REQUIREMENT: Write out, please, each line from the one containing "The study found" to the final line of the data, both included, exactly and without pictures.
━━━━━━━━━━━━━━━━
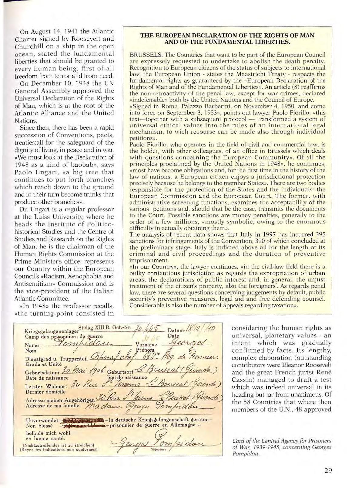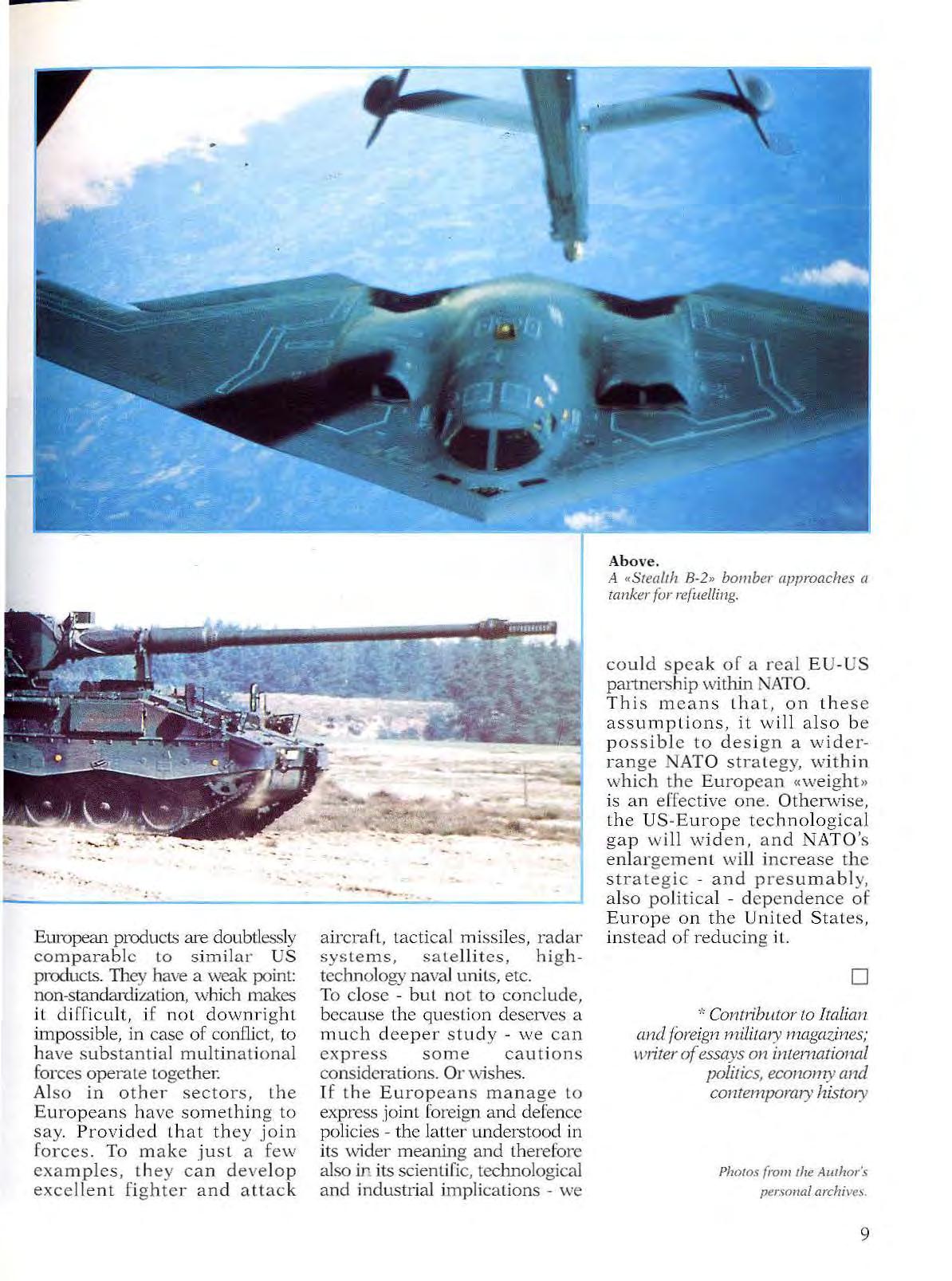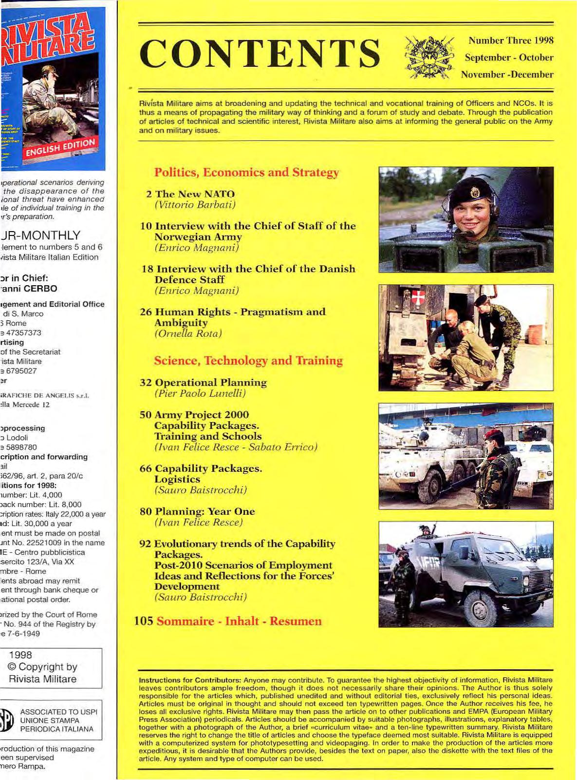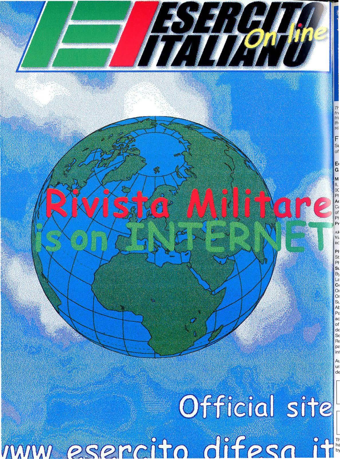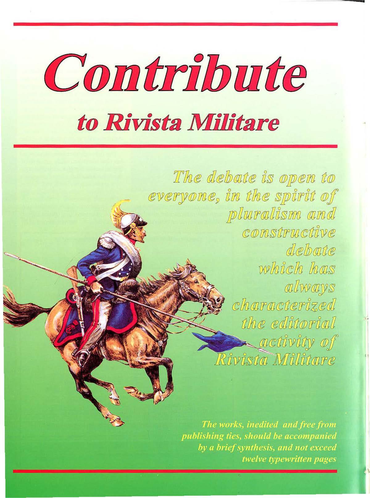 Instructions for Contributors: Anyone may contribute. To guarantee the highest objectivity of information, Rivista Militare leaves contributors ample freedom , though it does not necessarily share their opinions. The Author is thus solely responsible for the articles which, published unedited and without editorial ties, exclusively reflect his personal ideas. Articles must be original in thought and should not exceed ten typewritten pages. Once the Author receives his fee, he loses all exclusive rights. Rivista Militare may then pass the article on to other publications and EMPA (European Military Press Association) periodicals. Articles should be accompanied by suitable photographs. illustrations, explanatory tables, together with a photograph of the Author, a brief «curriculum vitae and a ten-line typewritten summary Rivista Militare reserves the right to change the title of articles and choose the typeface deemed most suitable Rivista Militare is equipped with a computerized system for phototypesetting and videopaging In order to make the production of the articles more expeditious, it is desirable that the Authors provide, besides the text on paper, also the diskette with the text files of the article Any system and type of computer can be used.
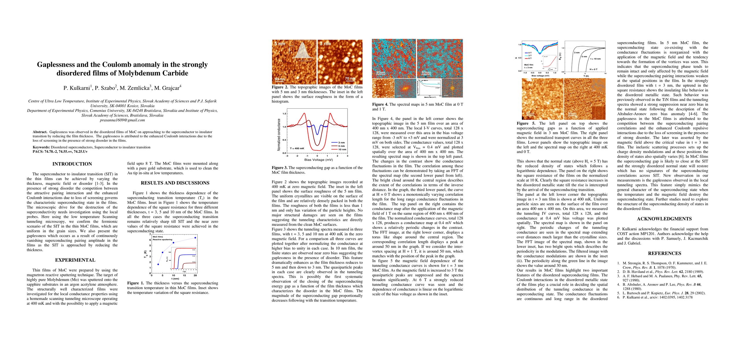 The study found gapless behavior in strongly disordered MoC films near the superconductor to insulator transition, attributing this to increased Coulomb interactions caused by diminished screening due to disorder.
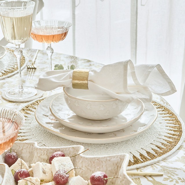 Christmas Tree Gold Rim White Wash Dinnerware by Pillow Talk
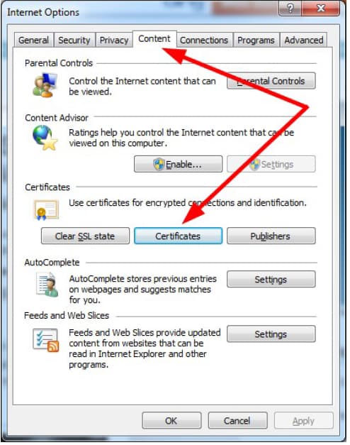 - Im Tab Inhalte öffnen Sie den Zertifikatsbereich:
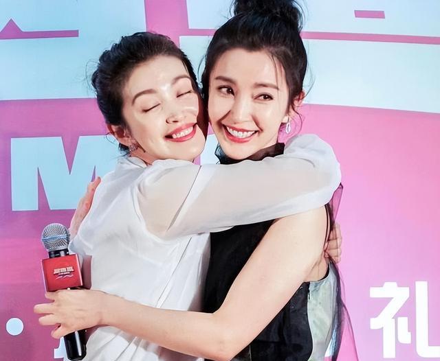 两姐妹在活动现场互动,我们可以看到她们彼此拥抱。李冰冰看起来真的好多了。当他微笑时,露出了洁白的牙齿。然而,她脸上的法令纹身仍然很明显,此时她穿着一条黑色裙子。
━━━━━━━━━━━━━━━━
ANSWER SPACE:
 The study found gapless behavior in strongly disordered MoC films near the superconductor to insulator transition, attributing this to increased Coulomb interactions caused by diminished screening due to disorder.
 Christmas Tree Gold Rim White Wash Dinnerware by Pillow Talk
 - Im Tab Inhalte öffnen Sie den Zertifikatsbereich:
 两姐妹在活动现场互动,我们可以看到她们彼此拥抱。李冰冰看起来真的好多了。当他微笑时,露出了洁白的牙齿。然而,她脸上的法令纹身仍然很明显,此时她穿着一条黑色裙子。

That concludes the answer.